About RMX: RMX Industries, Inc. (OTCQB: RMXI) is a technology company delivering advanced data compression and video optimization solutions that secures the data continuum from beyond the edge to operational cores. Through proprietary, field-validated technology originally developed for defense and security applications, RMX aims to transform how organizations capture, transmit, store, and deliver visual data across environments with any bandwidth while specializing in the most constrained networks where traditional solutions fail. RMX’s solutions are designed to operate seamlessly across any infrastructure, from tactical radios and narrowband satellite links to high-bandwidth enterprise cloud systems, ensuring critical visual intelligence reaches those who need it most, when they need it most, regardless of whether connectivity is abundant, limited, degraded, or contested. For more information, visit www.rmx.io.

 

Cautionary Note Regarding Forward-Looking Statements: This press release contains forward-looking statements that are subject to various risks and uncertainties.
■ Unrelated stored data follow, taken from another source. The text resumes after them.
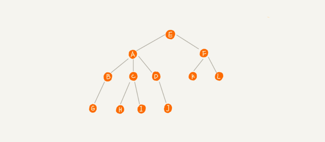 比如下面这幅图,A 节点就是 B 节点的父节点,B 节点是 A 节点的子节点。B、C、D 这三个节点的父节点是同一个节点,所以它们之间互称为兄弟节点。我们把没有父节点的节点叫作根节点,也就是图中的节点 E。我们把没有子节点的节点叫作叶子节点或者叶节点,比如图中的 G、H、I、J、K、L 都是叶子节点。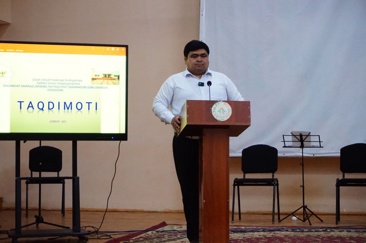 Master-klass davomida Zarbdor tuman 17-son madaniyat markazining badiiy rahbari, rejissyori, madaniy-ma’rifiy ishlar bo‘yicha bosh mutaxassislari tomonidan madaniyat markazlarida dasturlar, tadbirlar rejalari, xodimlar shaxsiy ish rejalari va hisobotlarini yuritish bo‘yicha tushunchalar berib o‘tildi.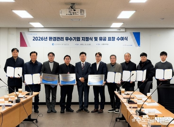인천광역시(시장 유정복)는 12월 5일 시청 소통회의실에서 ‘2026년 환경관리 우수기업 지정식 및 유공 표창 수여식’을 개최했다고 밝혔다.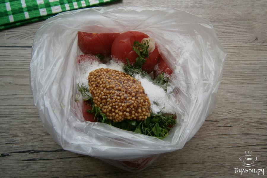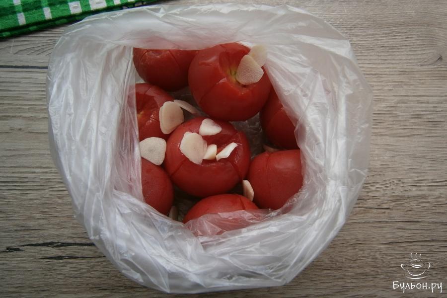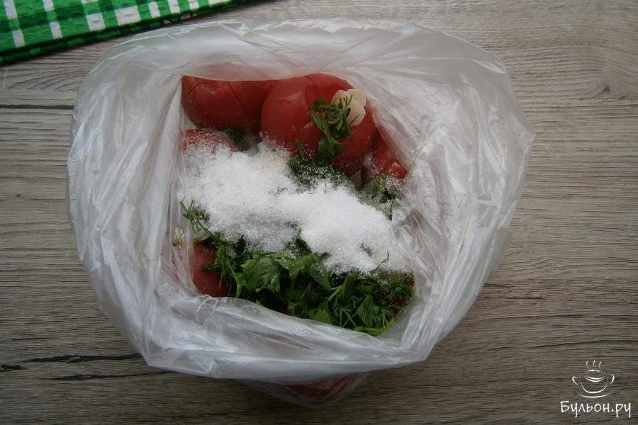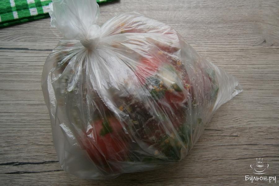 7. Пакеты тщательно завязать, потрясти их, чтобы помидоры смешались со всеми специями и оставить их на кухне на сутки. Каждые 2-3 часа помидоры следует встряхивать и переворачивать. Через сутки вкуснейшие помидорчики будут уже полностью готовы. Приятного аппетита.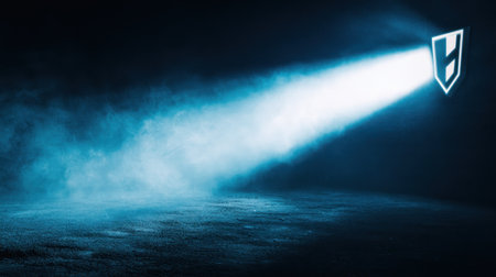 A captivating blue light beam cuts through a dark, foggy atmosphere, creating a sense of mystery and drama. The shield symbol enhances the visual impact.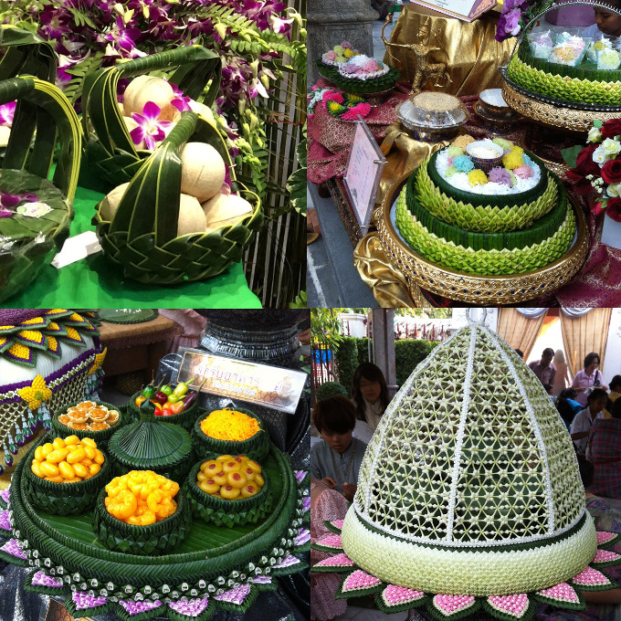 タイには「植物を編む」という技術がある。タイの伝統工芸で、庶民的なバスケットは序の口、仏教行事に使うもの、王族の暮らしに使うものと、ここまでやるかというほど繊細に編み込んで、おおきな立体を作り出す。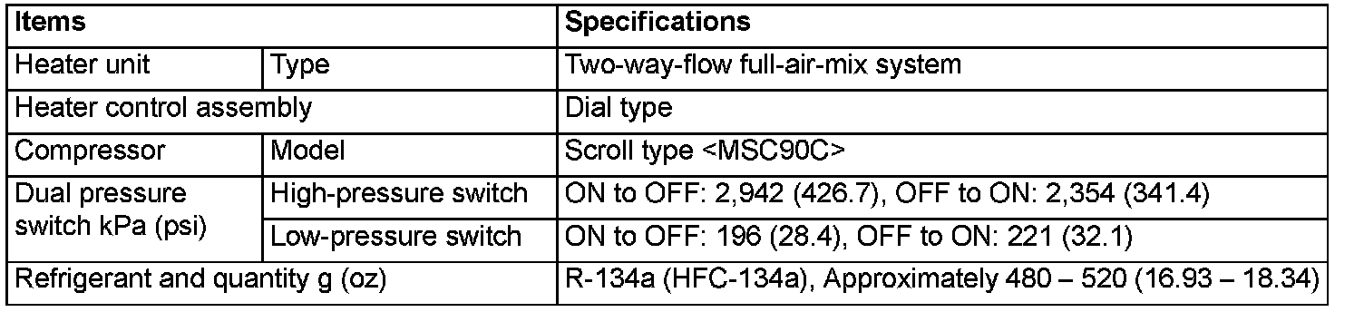 Home >> Mitsubishi >> 2003 >> Lancer L4-2.0L SOHC >> Repair and Diagnosis >> Specifications >> Mechanical Specifications >> Heating and Air Conditioning >> System Specifications

In addition, our representatives or we may make forward-looking statements orally or in writing from time to time. We base these forward-looking statements on our expectations and projections about future events, which we derive from the available information. Such forward-looking statements relate to future events or our future performance, including our financial performance and projections, revenue and earnings growth, and business prospects and opportunities. You can identify forward-looking statements by those that are not historical facts, particularly those that use terminology such as intends,” “may,” “should,” “expects,” “anticipates,” “contemplates,” “estimates,” “believes,” “plans,” “projected,” “predicts,” “potential,” or hopes” or the negative of these or similar terms. Although the Company believes that the expectations reflected in these forward-looking statements are based on reasonable assumptions, there are a number of risks and uncertainties that could cause actual results to differ materially from such forward-looking statements, including the risks described in the risk factors section of the reports and other documents that we file with the Securities and Exchange Commission. Forward-looking statements speak only as of the date of the document in which they are contained, and the Company does not undertake any duty to update any forward-looking statements except as may be required by law.